Gold rose nearly 2 percent to settle at $1,391 per ounce on Thursday as the dollar remained under pressure after falling U.S. weekly jobless claims and as a senior Federal Reserve official said the central bank is in no hurry to start winding down its economic stimulus.
The president of the Federal Reserve Bank of St. Louis James Bullard said he did not think the Fed was "that close" to starting the process of winding down its support after Wednesday's comments by chairman Ben Bernanke hinted at it.
Spot gold was last up 1.6 percent to about $1,390 an ounce, having lost more than one percent on Wednesday after Fed Chairman Ben Bernanke said a decision to reduce the central bank's bond-buying program could be taken in the 'next few meetings.
U.S. gold futures ended the day $24.40 higher at $1,391.80 an ounce.

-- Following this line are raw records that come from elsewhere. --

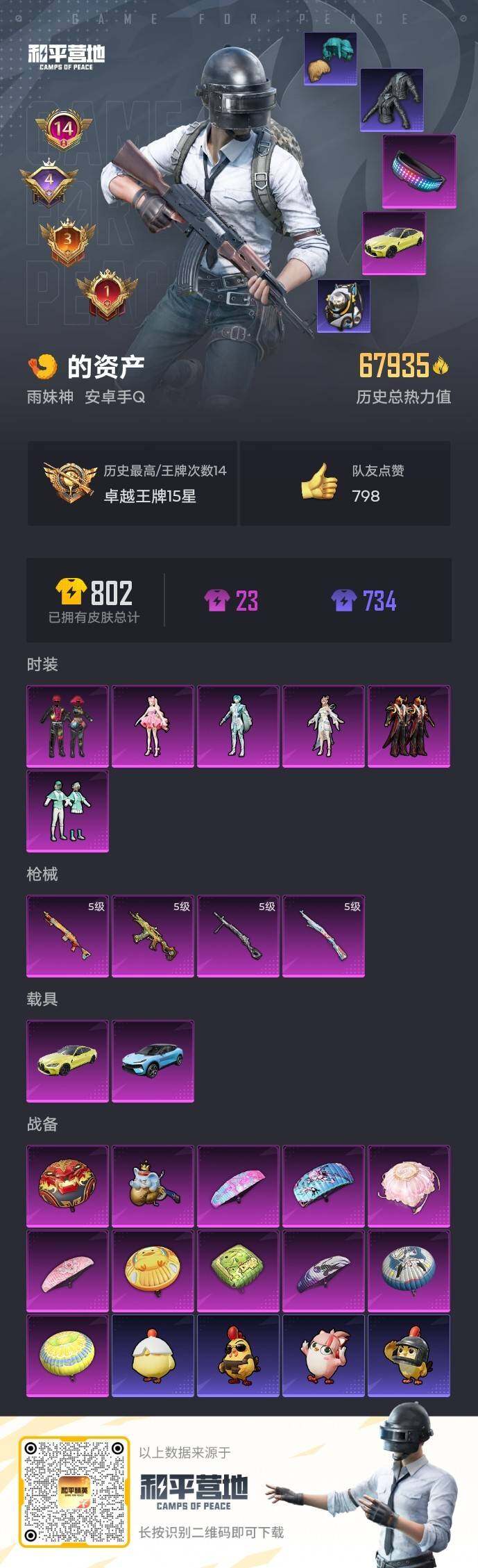 【HP4141】184套装/枪械4/装备236/载具2/战备158/王牌印记14/热力值67935/五级AKS-74U-森灵之息/五级Kar98K-巳巳如意/五级Mk14-福马献瑞/五级DP-28-豹影疾电/套装-浪漫天命/套装-都市猎人/套装-深海小丑鱼/套装-奇异狩猎者/套装-龟仙人/粉装-放客神游/粉装-薄荷物语/粉装-炙焰牛王/角色-月影灵韵/角色-玄冥寒域/角色-樱桃泡泡/路特斯ELETRE(冰川蓝)/宝马M4(圣保罗黄)/AKS-74U-森灵之息/Kar98K-巳巳如意/Mk14-福
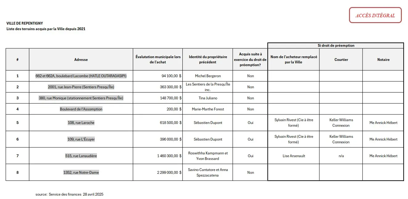 - Achats des terrains/propriétés locatifs et d’espaces commerciaux en valeur de dizaines de millions $, plus que la valeur foncière établie, sans évaluateurs externes payés par la ville, mais plutôt par les vendeurs et, le tout, sans appel d’offre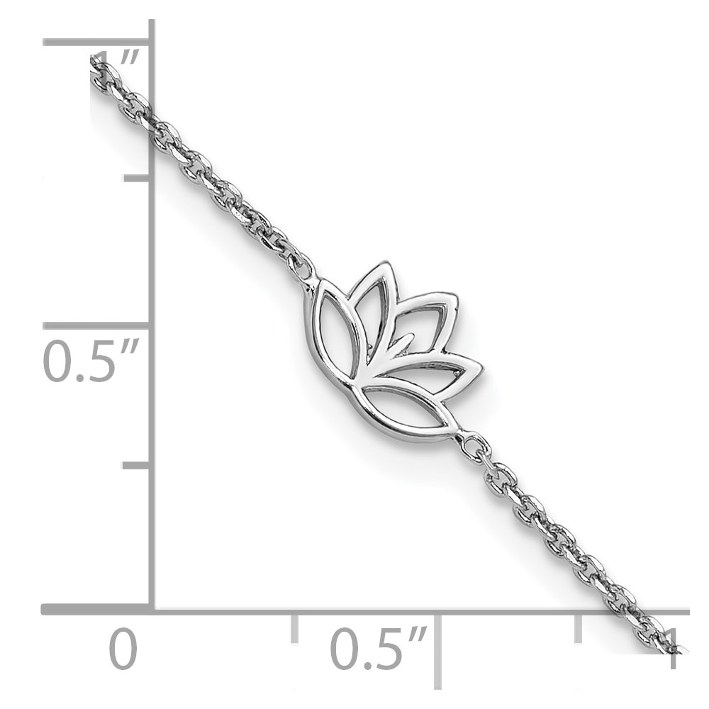 Sterling Silver Rhodium-plated Lotus Flower w/.5 in ext. Bracelet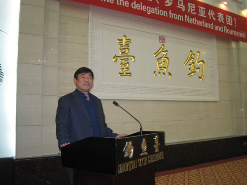 岳建武董事長(zhǎng)在釣魚臺(tái)國(guó)賓館俱樂部向兩國(guó)客人和中方領(lǐng)導(dǎo)介紹企業(yè)情況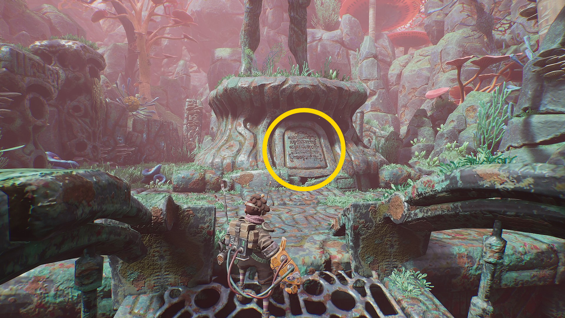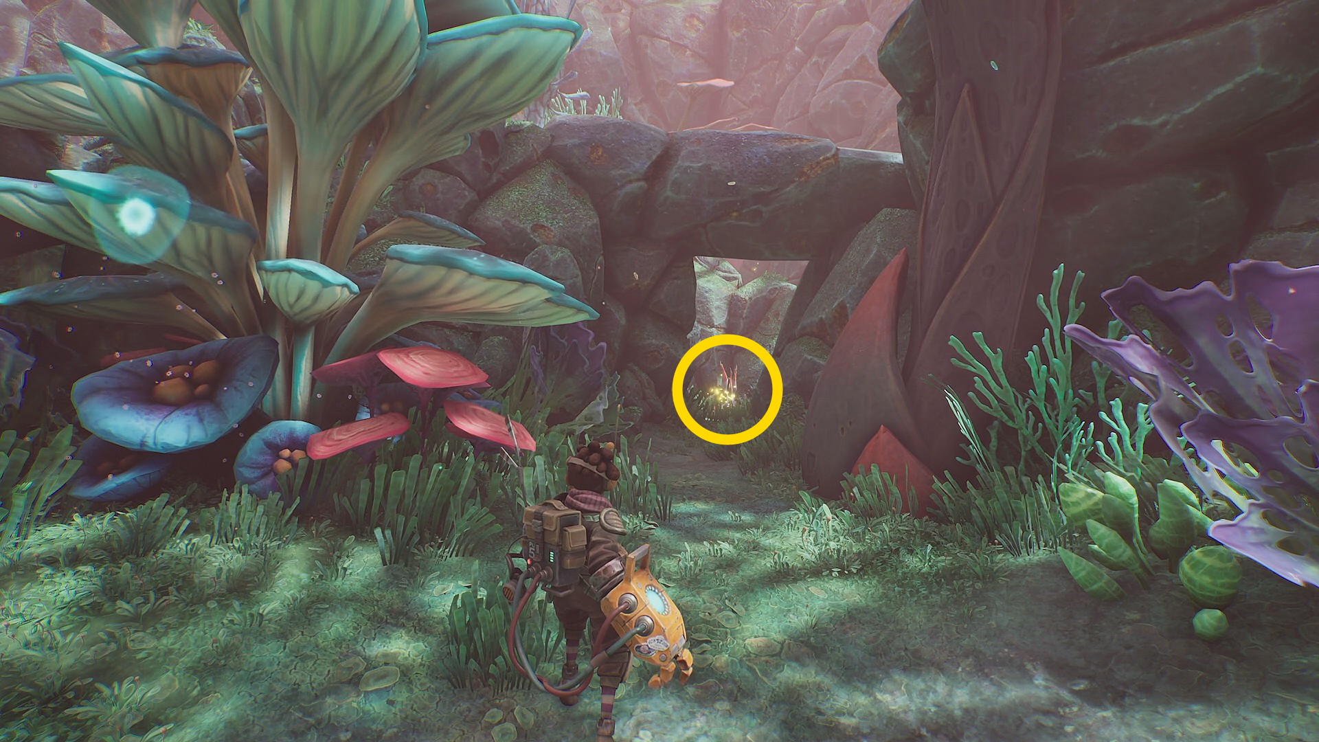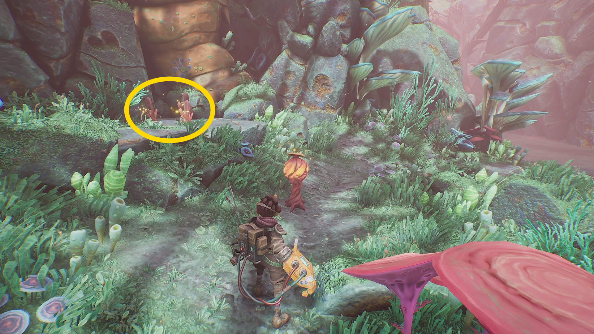 - 外に出たら菌糸体コイルを詰め込み、動物の下にあるエネルギー裂溝に放り投げる(階段状のキノコが出現したら、このエリアの資源を先に回収してしまおう)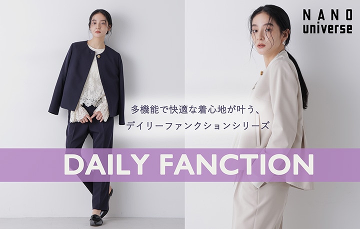 【DAILY FUNCTION(デイリーファンクション)】 デイリーファンクションとは? シーンに合わせて何度でも着回せる日常使いに重宝する嬉しい6つの機能付き! マシンウォッシャブル・シワになりにくい・ナチュラルストレッチ・ピリングしにくい・UVカット・吸水速乾 入卒シーズンなどフォーマルな場にふさわしいきちんと感を演出してくれるセットアップスタイルもおすすめ!

"The market is still digesting Bernanke's comments, which took everybody by surprise ... but today Bullard went a little bit in the other direction saying that tightening wouldn't come that quickly and I think that is lending support," Danske Bank analyst Christin Tuxen said.
The dollar index last fell 0.7 percent against a basket of currencies, mostly due to a two-week high in the yen and ignoring data showing the number of Americans filing new claims for unemployment benefits fell more than expected last week
Any sign of improvement in the U.S. jobs sector will likely be closely watched as this may spur speculation that the Fed may scale back its stimulus in September, analysts said.